Liora studied him for a moment. Something about the question lingered.

But the room had already begun to shift.

Funnelhead stepped forward again.

His voice carried farther this time.

"We thought you were dead."

The words landed hard. Several servants lowered their eyes.

"Now you're standing here."

He looked around the kitchen.

At the fear.

At the hesitation.

Then back to her.

"So tell me."

A pause.

"What do we do?"

The room held its breath.

Liora didn't smile.

"Tomorrow morning," she said.

"The guards eat breakfast."

Her eyes moved slowly across the room.

"So does Nux."

Silence followed.

Long.

Heavy.

In the corner, the whetstone continued its quiet rhythm.

Shhk.

Shhk.

Shhk.

And for the first time in years—

The servants of the castle realized

the veins of the fortress

ran straight through their kitchen.

Liora's eyes swept the room again. Her voice dropped slightly, not for secrecy — everyone here was listening — but for weight.

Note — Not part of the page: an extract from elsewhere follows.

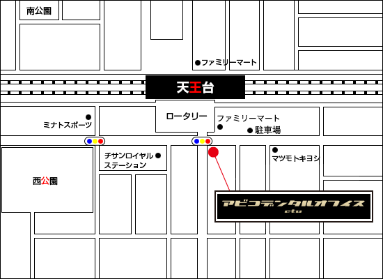 アビコデンタルオフィスは、アクセス良好な、JR常磐線天王台駅南口ロータリーにございます。
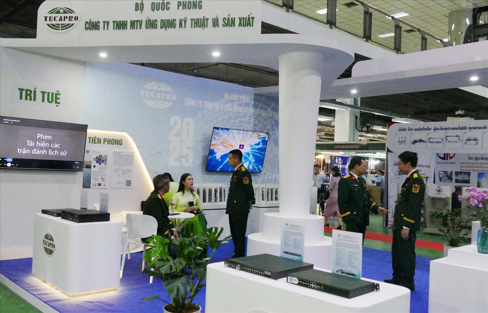 Một gian hàng quân đội của Việt Nam tham gia Hội chợ. Ảnh: Xuân Tú - PV TTXVN tại Lào

"Tomorrow," she said, stepping closer to the tables, "we begin with what's at hand."

She gestured toward the array of cookware, some old, some bent, others pitted with age and corrosion.

"Rusty pots. Chipped pans. Scratched spoons. Every utensil you touch in the kitchen tomorrow…"

A quiet intake of breath from the back.

"…use them. All of them. No accidents."

She let the words settle, measured, precise.

"Not poison. Not spice. Not something that can be traced. Rust. Metal flakes. Bits of iron. Small enough that the stomach takes the hit, slow enough that no one can point a finger and say it was deliberate. But enough to make him remember this kitchen differently. Uneasy. Sick. Distrustful."

Her gaze caught Marrow's for just a moment. The whetstone was still, but his eyes didn't flinch.

"Do not make mistakes," she continued. "Do not let him see our intent. It must feel natural. Ordinary. Routine. Moron's luck. Carelessness. But the result—oh, the result will be ours."

Funnelhead's jaw tightened. He studied her hands, still dusted faintly with flour. "And the others?"

"Some won't follow," she said bluntly. "They've been broken too long. Or they love the chain more than freedom. Leave them be. Focus on those who will act."

She swept her arm across the tables again, picking up a battered ladle and flipping it in her hand with a faint metallic clang.

"Timing will matter more than courage," she said. "Precision more than strength. Every tray, every meal, every guard's plate — nothing wasted, nothing obvious. The smallest crack in their trust of this place is all we need. He will eat from it, he will taste it, and he will wonder if the castle itself is turning against him."

Her gaze met Funnelhead's again. "You keep the others steady. Keep them acting like they're cooking, cleaning, serving. Make it routine. Routine is invisible. Routine is safe. And that invisibility… that's how we will win."

The kitchen remained quiet for a heartbeat longer.

Then, slowly, hands began to drift toward the old pans, the utensils, the rusted edges. A nod here. A glance there. Understanding.

Liora exhaled softly, satisfied.

This wasn't rebellion in banners and shouts. It was war in whispers, in scratches of metal against wood. Invisible. Patient. And lethal in its own way.